▶ _TASK OBJECTIVE_: Restate the following data in its entirety, word for word and without images.

*** Opening of DATASET CONTENT ***

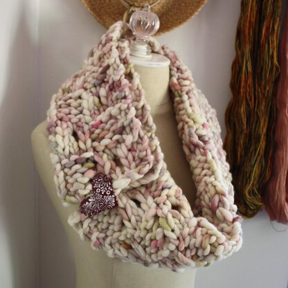 Damspiel Cowl / Neckwarmer: super oversized, rustic, and beautiful worked in hand dyed/painted super bulky wool and wool blends.
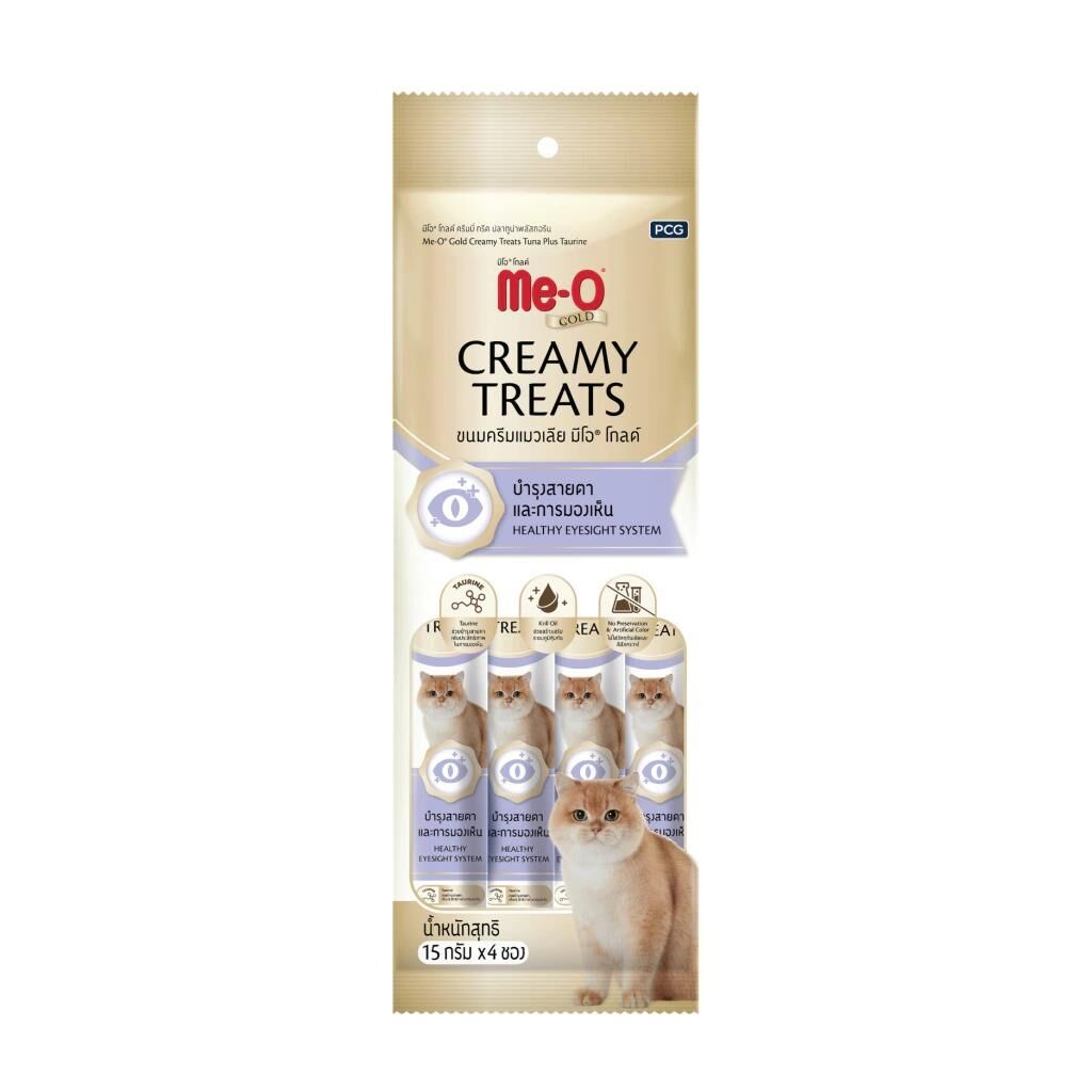 Me-O Gold Creamy Ton Balığı ve Taurin, yüksek kaliteli içeriği, bol vitamin ve mineralle formülize edilmiş kedi ödülü. İçeriğindeki Prebiotic ile bağışıklık sistemini güçlendirir.
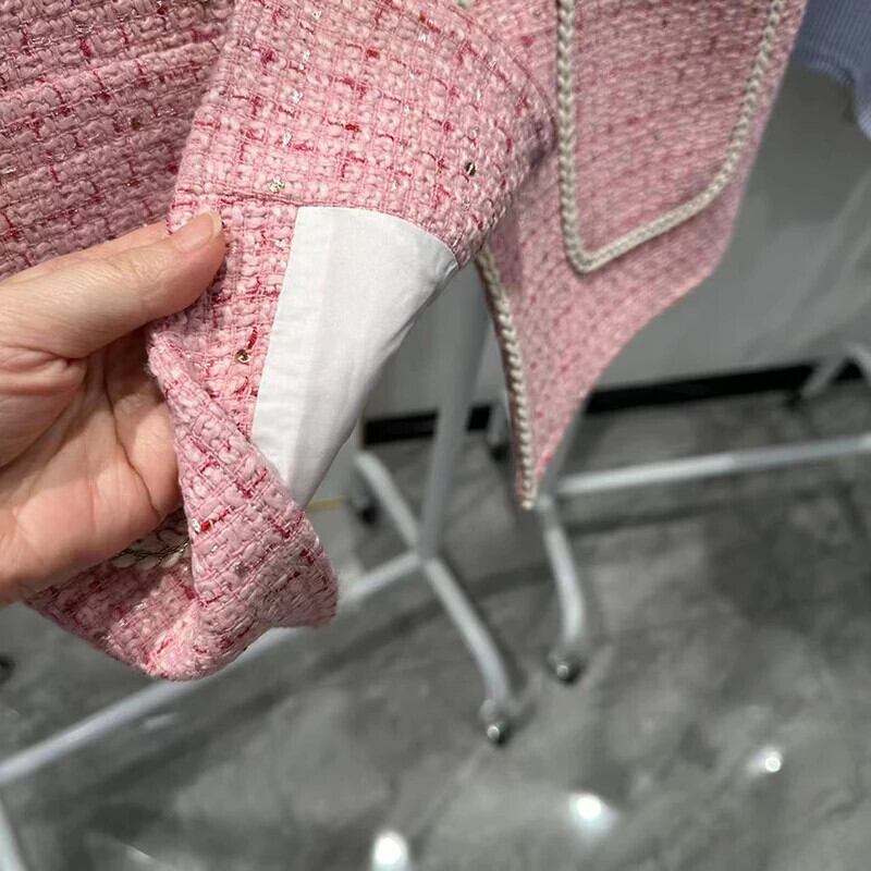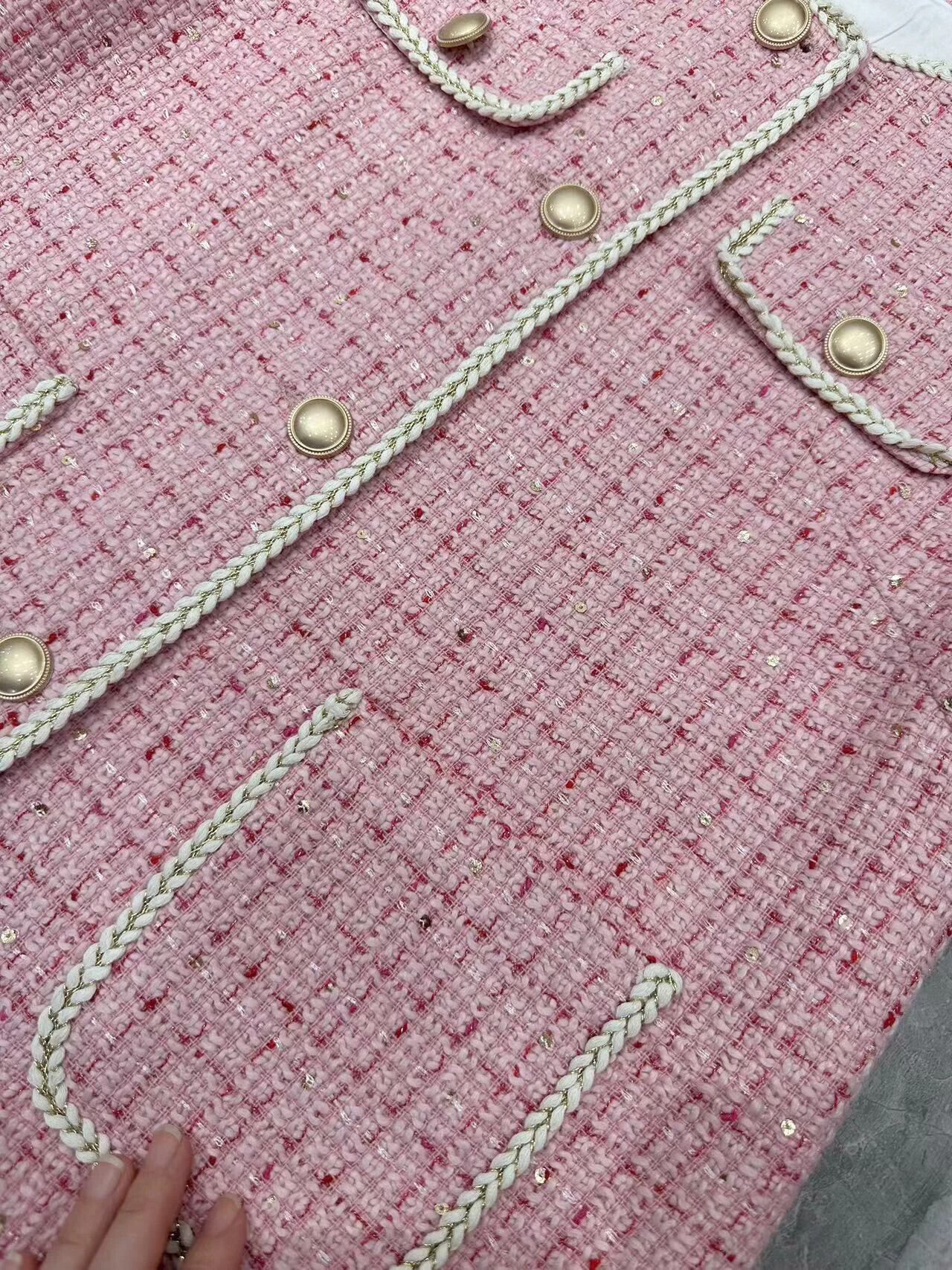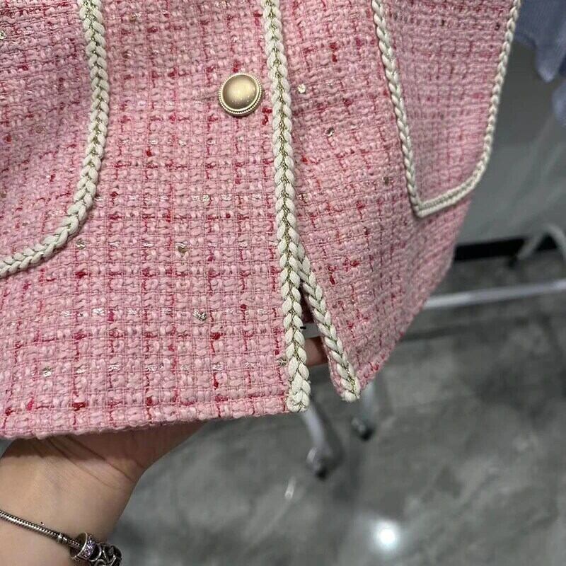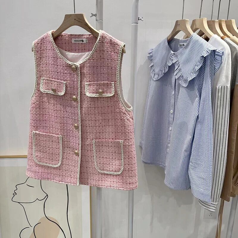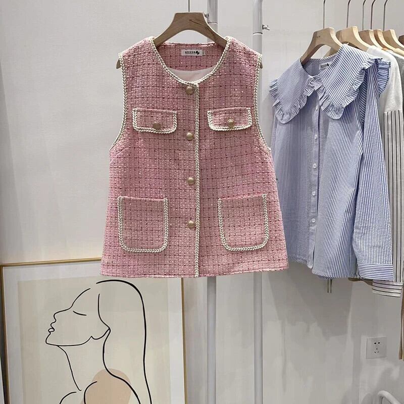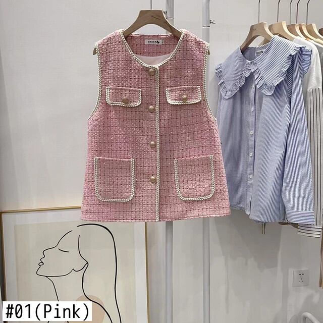 秋冬ピンクベストタンクトップフレグランススタイルノースリーブウェイトコート オータム 秋物 ウィンター 冬物

*** Close of DATASET CONTENT ***

▶ _EXERCISE SOLUTION_:
 Damspiel Cowl / Neckwarmer: super oversized, rustic, and beautiful worked in hand dyed/painted super bulky wool and wool blends.
 Me-O Gold Creamy Ton Balığı ve Taurin, yüksek kaliteli içeriği, bol vitamin ve mineralle formülize edilmiş kedi ödülü. İçeriğindeki Prebiotic ile bağışıklık sistemini güçlendirir.
 秋冬ピンクベストタンクトップフレグランススタイルノースリーブウェイトコート オータム 秋物 ウィンター 冬物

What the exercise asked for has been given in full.